── INPUT MATERIAL ──

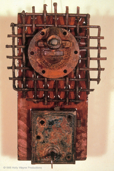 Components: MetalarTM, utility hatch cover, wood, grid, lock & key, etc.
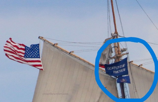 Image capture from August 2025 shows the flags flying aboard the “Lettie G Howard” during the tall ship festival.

───
── INPUT MATERIAL ──

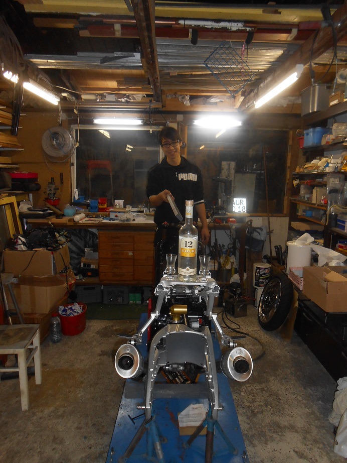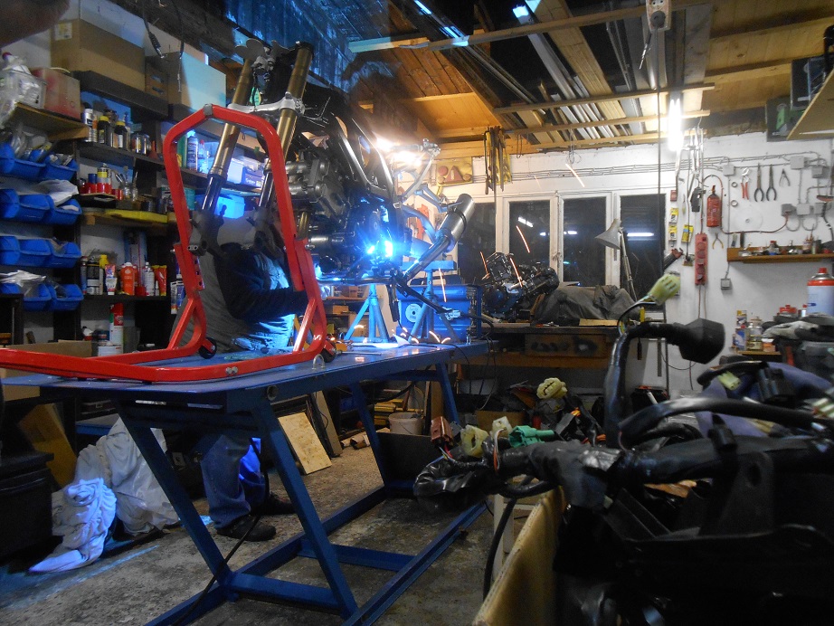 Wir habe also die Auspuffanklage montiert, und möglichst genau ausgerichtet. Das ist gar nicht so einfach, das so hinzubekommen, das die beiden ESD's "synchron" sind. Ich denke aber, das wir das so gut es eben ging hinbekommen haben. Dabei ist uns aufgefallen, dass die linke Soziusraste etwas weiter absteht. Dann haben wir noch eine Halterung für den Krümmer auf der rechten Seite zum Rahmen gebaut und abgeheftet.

───

» **PROBLEM TO SOLVE**
Return exactly the part of the listing above that opens with the line containing "Components: MetalarTM, utility" and closes with the line containing "Image capture from". Pictures stay out.

» **RESPONSE BOX**
 Components: MetalarTM, utility hatch cover, wood, grid, lock & key, etc.
 Image capture from August 2025 shows the flags flying aboard the “Lettie G Howard” during the tall ship festival.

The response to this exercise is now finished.